When I look at the night sky and gaze upon the lovely moon I cannot help but feel a kinship with its solitary light. I imagine others gaze upon the very same moon with the very same thoughts. The stars twinkle and universe expands and time goes on and as I sit here in reflection I am awestruck by my existence and how really small I really am; like a speck…a drop of water in a vast ocean.
I know I’m not alone in this feeling and that comforts me. I also know that much of this feeling can be backed up with science and that is intrigues me.
The patterns of life…the sameness..the variety all beautiful, all beckoning another look…

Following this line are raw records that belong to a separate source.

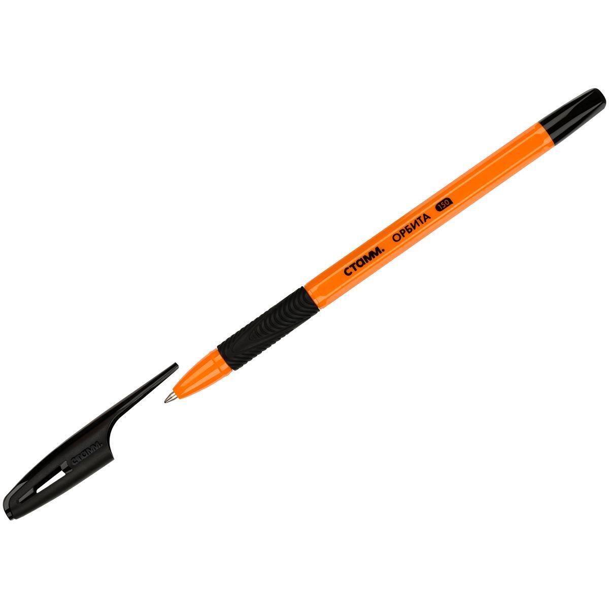 Ручка шариковая Стамм "Орбита 150", черная, 0.7мм, оранжевый корпус, удобный грип
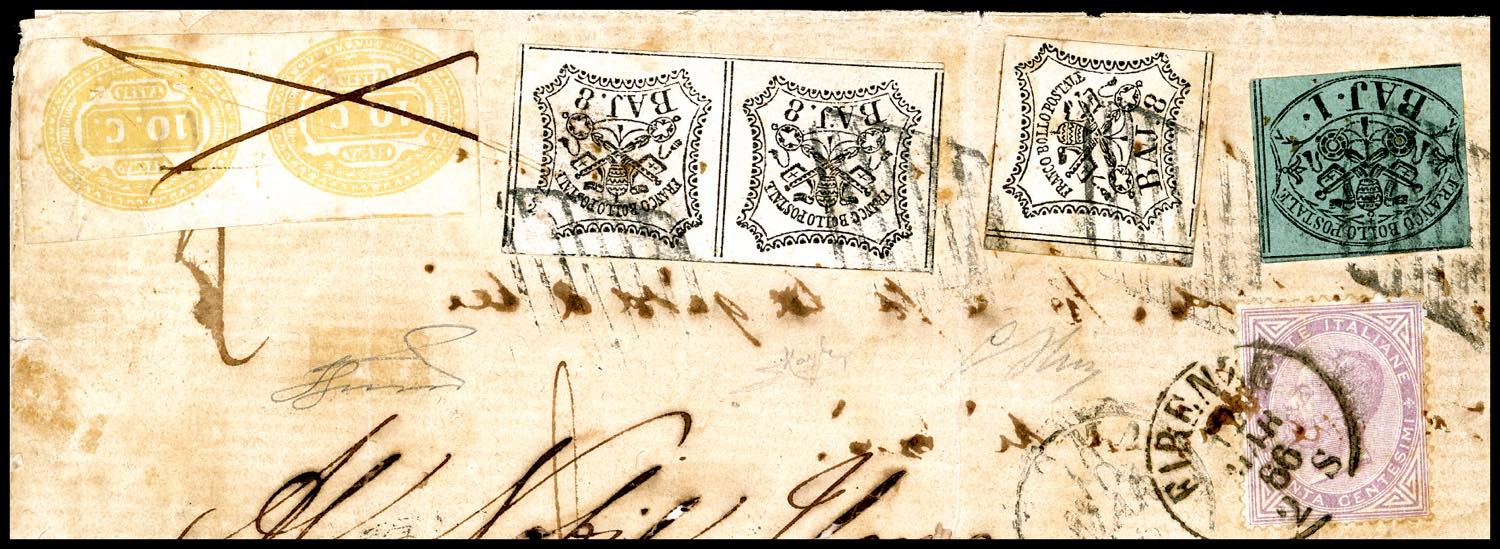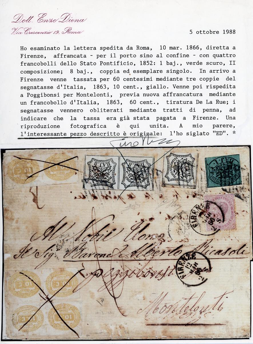 1866 - 1 baj verde scuro, II composizione, 8 baj bianco, singolo e coppia (Pontificio 2B,9), su lettera da Roma 10/3/1866 a Firenze, dove venne tassata 60 cent. con 10 cent. giallo segnatasse (Regno 1), tre coppie. Venne poi rispedita a Poggibonsi per Montelonti, previa nuova affrancatura con 60 cent. De La Rue, tiratura di Londra (Regno L21), annullato a Firenze 12/3/1866. I segnatasse vennero obliterati mediante tratti di penna, ad indicare che la tassa era già stata pagata a Firenze. ECCEZIONALE AFFRANCATURA MISTA DI RISPEDIZIONE, UNICA FINORA NOTA, CON FRANCOBOLLI PONTIFICI E, SIA FRANCOBOLLI CHE SEGNATASSE, ITALIANI. DA ESPOSIZIONE! G.Oliva, Raybaudi, cert. E.Diena, Ferrario, ex coll. Imperato.
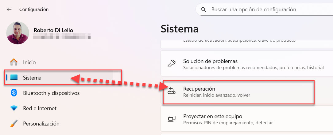 - Ingresa en “Sistema” y luego clica en “Recuperación”.
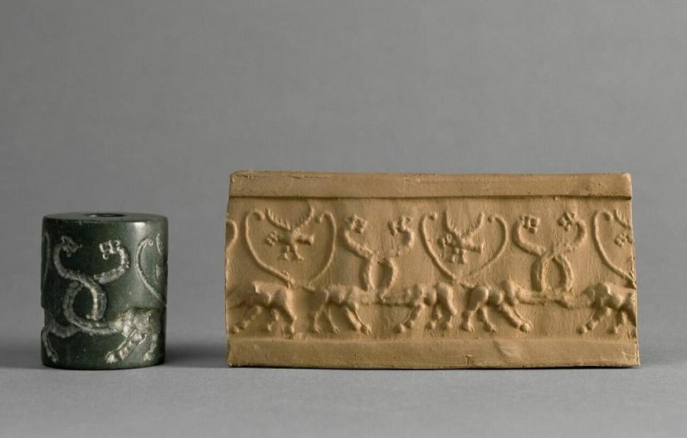 Οι κυλινδρικές σφραγίδες ήταν μικρά αντικείμενα από πέτρα με περίτεχνα λαξεύματα, που περιέβαλαν τις πήλινες επιγραφές, προκειμένου ν’ αφήνουν το αποτύπωμά τους. Αρχικά, χρησιμοποιούνταν κυρίως για διοικητικούς σκοπούς, σε μια κοινωνία που γινόταν ολοένα και πιο περίπλοκη, ωθούμενη από την ανάπτυξη του εμπορίου, την αγροτική παραγωγή και την παραγωγή της κλωστοϋφαντουργίας.
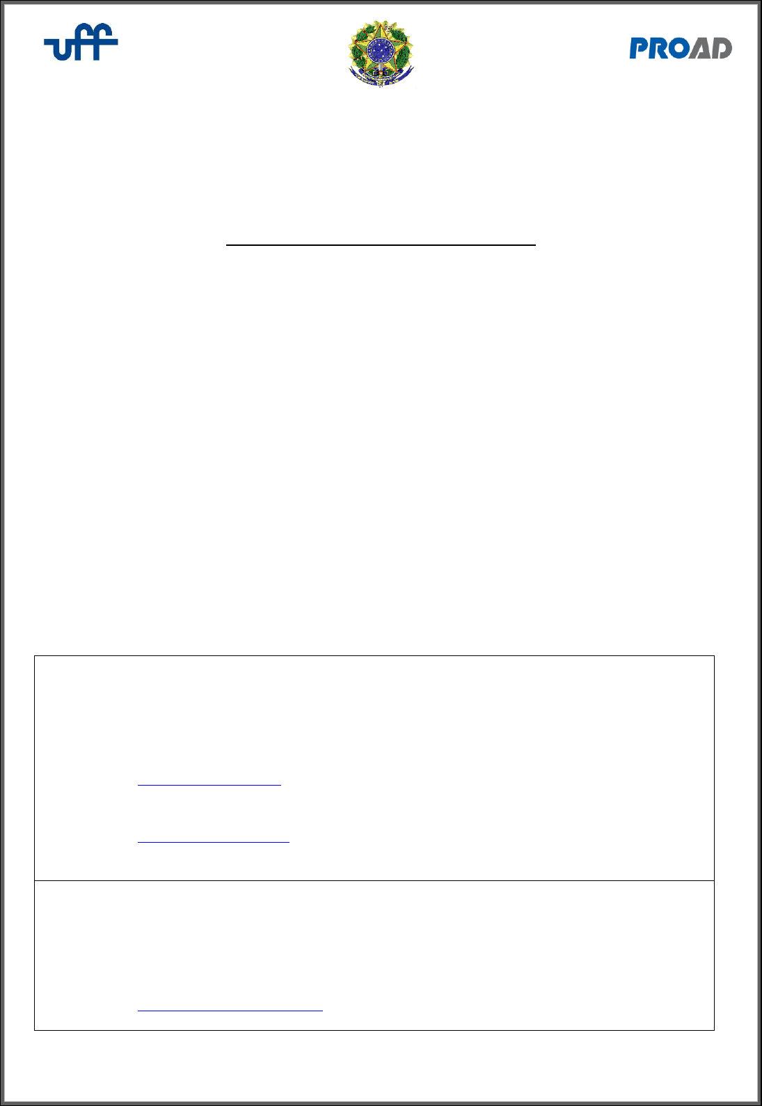 ____________________________________________________________________ Anexo I-B – Locais de Entrega Pág. 1/5 MINISTÉRIO DA EDUCAÇÃO UNIVERSIDADE FEDERAL FLUMINENSE PRO REITORIA DE ADMINISTRAÇÃO ANEXO I-B DO EDITAL DO PREGÃO ELETRÔNICO PROCEDIMENTOS PARA ENTREGA DE MATERIAIS 1. Observar na nota de empenho a Razão Social e o CNPJ da UFF para a emissão da Nota Fiscal; 2. Encaminhar cópia da nota de empenho junto à Nota Fiscal; 2.1. A Contratada regularmente optante pelo Simples Nacional, nos termos da Lei Complementar nº 123, de 2006, não sofrerá a retenção tributária quanto aos impostos e contribuições abrangidos por aquele regime. No entanto, o pagamento ficará condicionado à apresentação de comprovação, por meio de documento oficial, de que faz jus ao tratamento tributário favorecido previsto na referida Lei Complementar. 3. Constar na Nota Fiscal o número da nota de empenho e seus dados bancários (número do banco, agência e conta corrente); 4. Entrar em contato com o responsável para, se necessário, agendar a entrega para evitar o retorno do material; 5. O endereço de faturamento dos dados das Unidades da UFF é diferente dos endereços dos locais de entrega. 6. CONTATOS DAS UASGs PRÓ-REITORIA DE ADMINISTRAÇÃO/UFF (PROAD) – Unidade Gerenciadora CNPJ – 28.523.215/0039-89 UASG – 150182 COORDENAÇÃO DE MATERIAL Tel.: (21) 2629-5390 E-mail: compras.proad@id.uff.br COORDENAÇÃO DE ADMINISTRAÇÃO FINANCEIRA Tel.: (21) 2629-5385 E-mail: financeiro.proad@id.uff.br PRÓ-REITORIA DE PESQ. PÓS-GRADUAÇÃO E INOVAÇÃO (PROPPI) – Unidade Participante (se for o caso) CNPJ – 28.523.215/0033-93 UASG – 153248 GERÊNCIA PLENA FINANCEIRA/PROPPI Tel.: (21) 2629-5462 E-mail: financeiro.proppi@gmail.com mailto:compras.proad@id.uff.br mailto:financeiro.proad@id.uff.br mailto:financeiro.proppi@gmail.com ____________________________________________________________________ Anexo I-B – Locais de Entrega Pág. 2/5 7. LOCAIS DE ENTREGA DOS MATERIAIS: PRÓ-REITORIA DE GRADUAÇÃO (PROGRAD) - Unidade Participante (se for o caso) CNPJ – 28.523.215/0037-17 UASG – 153984 GERÊNCIA PLENA FINANCEIRA/PROGRAD Tel.: (21) 2629-5443 E-mail: uffcompras@gmail.com / pregao.prograd.uff@gmail.com PRÓ-REITORIA DE EXTENSÃO (PROEX) - Unidade Participante (se for o caso) CNPJ – 28.523.215/0038-06 UASG – 156337 GERÊNCIA PLENA FINANCEIRA/PROEX Tel.: (21) 2629-5515 E-mail: secretariaproexuff@gmail.com PRÓ-REITORIA DE ASSUNTOS ESTUDANTIS (PROAES) - Unidade Participante (se for o caso) CNPJ – 28.523.215/0004-59 UASG – 153058 GERÊNCIA PLENA FINANCEIRA/PROAES Tel.: (21) 2629-5559/ 2629-5560 E-mail: financeiroproaes@gmail.com / comprasproaes@gmail.com INSTITUTO DE CIENCIAS HUMANAS E SOCIAIS DE VOLTA REDONDA (VCH) - Unidade Participante (se for o caso) CNPJ – 28.523.215/0044-46 UASG – 150167 GERÊNCIA PLENA FINANCEIRA/VCH Tel.: (24)3076-8864 E-mail: scf.vch@id.uff.br ENDEREÇOS PRINCIPAIS DE ENTREGA (UFF) ALMOXARIFADO CENTRAL DA UFF Av. Jansen de Melo, 174 – Fundos – Centro – Niterói – RJ – CEP 24.030-221 Horário de entrega: 8:00 às 16:00 horas. Tel.: (21) 2629-2214 / 2629-2216 (PROPPI) Responsável: Servidores e colaboradores do Almoxarifado Central, da Central de Logística Patrimonial ou da PROPPI E-mail: almoxarifadocentral.uff@gmail.com; ivanraphael@id.uff.br; almoxarifadoproppi@gmail.com INSTITUTO DE CIENCIAS HUMANAS E SOCIAIS DE VOLTA REDONDA AV. Desembargador Ellis Hermydio Figueira, 783 – Aterrado - Volta Redonda – RJ – CEP 27.215-350 Horário de entrega: 8:00 às 16:00 horas. Tel.: (24)3076-8864 Responsável: Servidores da unidade mailto:uffcompras@gmail.com mailto:pregao.prograd.uff@gmail.com mailto:e-mail-secretariaproexuff@gmail.com mailto:financeiroproaes@gmail.com mailto:comprasproaes@gmail.com mailto:scf.vch@id.uff.br mailto:almoxarifadocentral.uff@gmail.com mailto:ivanraphael@id.uff.br ____________________________________________________________________ Anexo I-B – Locais de Entrega Pág. 3/5 E-mail: scf.vch@id.uff.br; romulotavares@id.uff.br; edgarjunior@id.uff.br. OUTROS ENDEREÇOS DE ENTREGA (UFF) *Informações complementares serão encaminhadas junto ao envio das respectivas notas de empenho REITORIA DA UFF Rua Miguel de Frias, 9 - Icaraí - Niterói – RJ CAMPUS DO VALONGUINHO Av. Visconde do Rio Branco s/n.º, bairro Centro, Niterói - RJ CAMPUS DO GRAGOATÁ Av. Visconde do Rio Branco s/n.º, bairro de São Domingos, Niterói – RJ R. Alexandre Moura, 8 - São Domingos, Niterói - RJ, 24210-200 CAMPUS DA PRAIA VERMELHA Rua Passo da Pátria, n.º 156, bairro São Domingos, Niterói – RJ INSTITUTO DE ARTES E COMUNICAÇÃO SOCIAL Rua Lara Vilela, 126 - São Domingos, Niterói - RJ INSTITUTO BIOMÉDICO Rua Professor Hernani Mello, 101 São Domingos Niterói – RJ ARQUIVO SDC Av. Bento Maria da Costa, 115 A - Jurujuba, Niterói – RJ CRIAA Rua General Castrioto, 588, Barreto, Niterói – RJ CAJUFF E NEPHU Almirante Teffé, 637, Centro, Niterói - RJ ESCOLA DE ENFERMAGEM Rua Dr. Celestino,78- Centro, Niterói - RJ HOSPITAL UNIVERSITÁRIO ANTONIO PEDRO Rua Marquês de Paraná 303 - Centro, Niterói – RJ FARMÁCIA UNIVERSITÁRIA Rua Marquês do Paraná, 282 – Centro, Niterói - RJ FACULDADE DE FARMÁCIA Rua Mário Viana. 523 - Santa Rosa, Niterói - RJ FACULDADE DE DIREITO Rua Presidente Pedreira,62 - Ingá, Niterói – RJ Rua Tiradentes, 17 - Ingá, Niterói – RJ mailto:scf.vch@id.uff.br mailto:romulotavares@id.uff.br mailto:edgarjunior@id.uff.br ____________________________________________________________________ Anexo I-B – Locais de Entrega Pág. 4/5 FACULDADE DE VETERINÁRIA Rua Vital Brazil Filho, 64 - Vital Brazil, Niteroi – RJ INSTITUTO DO NOROESTE FLUMINENSE DE EDUCAÇÃO SUPERIOR Rua Chaim Elias, s/n.º, Centro, Santo Antônio de Pádua – RJ CAMPUS RIO DAS OSTRAS Rua Recife. Quadra 07, Jardim Bela Vista, Rio das Ostras – RJ POLO UNIVERSITÁRIO DE MACAÉ Av. Aluízio da Silva Gomes, 50 - Granja dos Ca

For me it goes beyond The Fibonacci sequence and all that math I can barely understand. It is more than pattern recognition and the appreciation of beauty and even the seeking of truth…
It’s a feeling, a real physical feeling and it’s emotional for me. Perhaps it is because I am sensitive, perhaps it is because I am empathic, perhaps everyone feels this way…perhaps…
I can only speak for myself but it makes me more compassionate. I see it as a gift although it hurts inside sometimes…but mostly it is the most wonderful feeling; this feeling of “connectedness”.
It allows me to imagine like I do and write what I do. It moves through me like music and this causes me to dance! The more I feel it, the more I yearn to seek it out. The more I seek it out, the more it finds me.
“Around us, life bursts with miracles–a glass of water, a ray of sunshine, a leaf, a caterpillar, a flower, laughter, raindrops. If you live in awareness, it is easy to see miracles everywhere. Each human being is a multiplicity of miracles. Eyes that see thousands of colors, shapes, and forms; ears that hear a bee flying or a thunderclap; a brain that ponders a speck of dust as easily as the entire cosmos; a heart that beats in rhythm with the heartbeat of all beings. When we are tired and feel discouraged by life’s daily struggles, we may not notice these miracles, but they are always there.”